Softmax Actor Critic
- class rlforge.agents.policy_gradient.softmax_actor_critic.SoftmaxActorCriticAgent(actor_step_size, critic_step_size, avg_reward_step_size, num_actions, dims_ranges, temperature=1, iht_size=4096, num_tilings=8, num_tiles=8, wrap_dims=())
Softmax Actor-Critic Agent with average reward baseline.
This agent implements a vanilla actor-critic algorithm using tile coding for feature extraction and linear function approximation for both the actor (policy) and critic (value function). The actor updates are guided by the temporal-difference (TD) error, and actions are selected using a softmax distribution over action preferences.
Parameters
- actor_step_sizefloat
Learning rate for the actor updates.
- critic_step_sizefloat
Learning rate for the critic updates.
- avg_reward_step_sizefloat
Step size for updating the average reward baseline.
- num_actionsint
Number of discrete actions available in the environment.
- dims_rangeslist of tuple
Ranges for each state dimension, used by the tile coder.
- temperaturefloat, optional
Temperature parameter for softmax exploration (default=1).
- iht_sizeint, optional
Size of the index hash table for tile coding (default=4096).
- num_tilingsint, optional
Number of tilings used in tile coding (default=8).
- num_tilesint, optional
Number of tiles per dimension (default=8).
- wrap_dimstuple, optional
Dimensions to wrap in tile coding (default=()).
- end(reward)
Complete an episode.
Performs a final update of the actor and critic using the terminal reward and the last cached state-action pair.
Parameters
- rewardfloat
Final reward received at the end of the episode.
- get_td_error(prev_tiles, reward, active_tiles, avg_reward)
Compute the temporal-difference (TD) error.
Calculates the TD error using the reward, average reward baseline, the critic’s prediction for the next state, and the critic’s prediction for the previous state.
Parameters
- prev_tilesarray-like
Active tiles for the previous state.
- rewardfloat
Reward received for the transition.
- active_tilesarray-like
Active tiles for the current state.
- avg_rewardfloat
Current estimate of the average reward baseline.
Returns
- float
The computed TD error.
- reset()
Reset the agent.
Resets the actor and critic weights to their initial values and clears the average reward baseline.

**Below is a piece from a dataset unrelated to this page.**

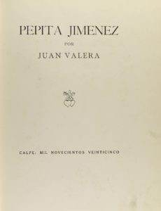 .1925.. LIBRO: .(BIBLIOFILIA).. .VALERA, JUAN:. .PEPITA JIMÉNEZ.. Madrid: Tall. Calpe, 1925. 4º mayor. 269 p. Ilustr con lám. sobrepuestas, fuera del texto. Enc. plena piel edit. con hierros dorados en ambos planos, lomera cuajada, corte superior...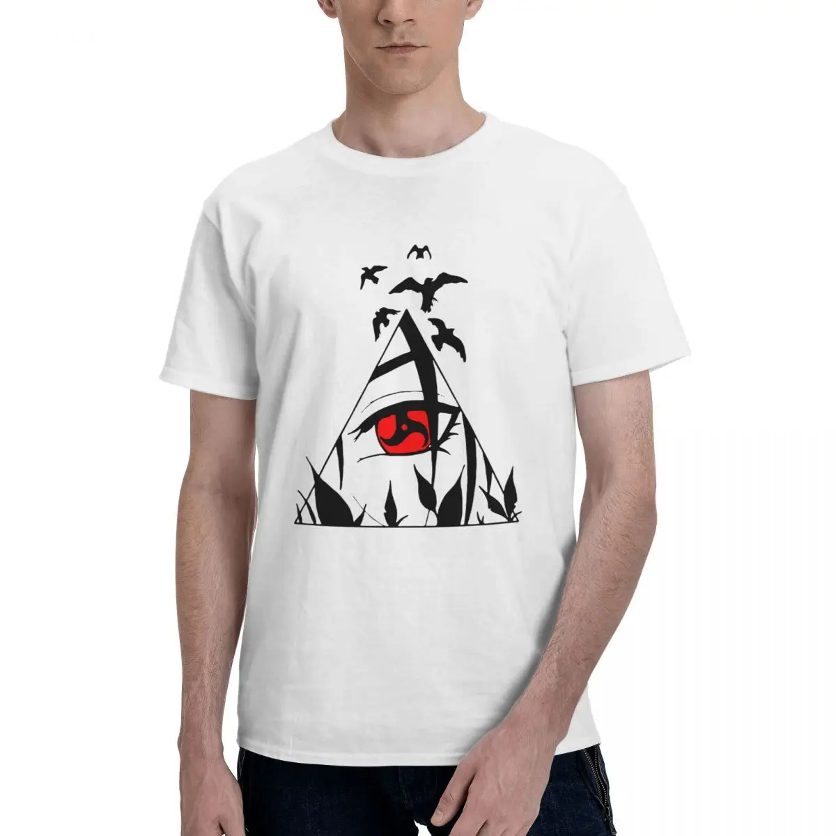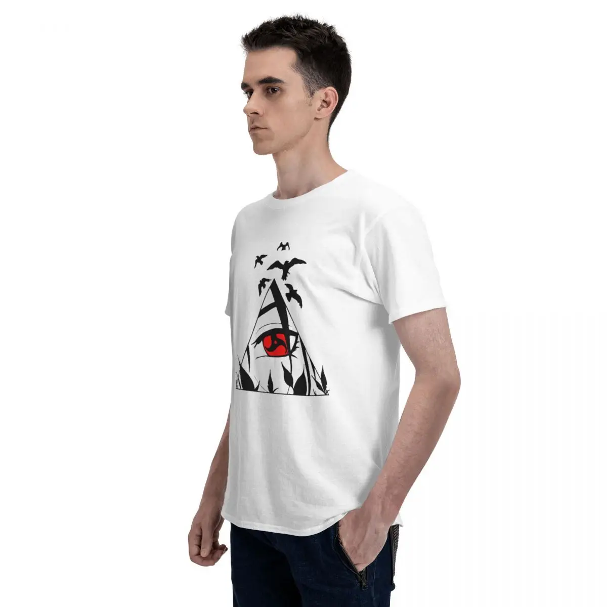 Футболка мужская с принтом Какаси, Героя Шаринган, из хлопка, с кру...

- select_action(q_values, temperature)
Select an action using a softmax distribution.
Parameters
- q_valuesarray-like
Action preferences or Q-values for the current state.
- temperaturefloat
Temperature parameter controlling exploration.
Returns
- int
The action selected by sampling from the softmax distribution.
- start(new_state)
Begin a new episode.
Extracts active tiles for the initial state, computes action preferences, selects an action using softmax, and caches the state-action pair for future updates.
Parameters
- new_statearray-like
The initial state observed from the environment.
Returns
- int
The action selected by the agent.
- step(reward, new_state)
Take a step in the environment.
Updates the actor and critic weights using the TD error and average reward baseline, then selects the next action.
Parameters
- rewardfloat
Reward received from the previous action.
- new_statearray-like
The new state observed from the environment.
Returns
- int
The next action chosen by the agent.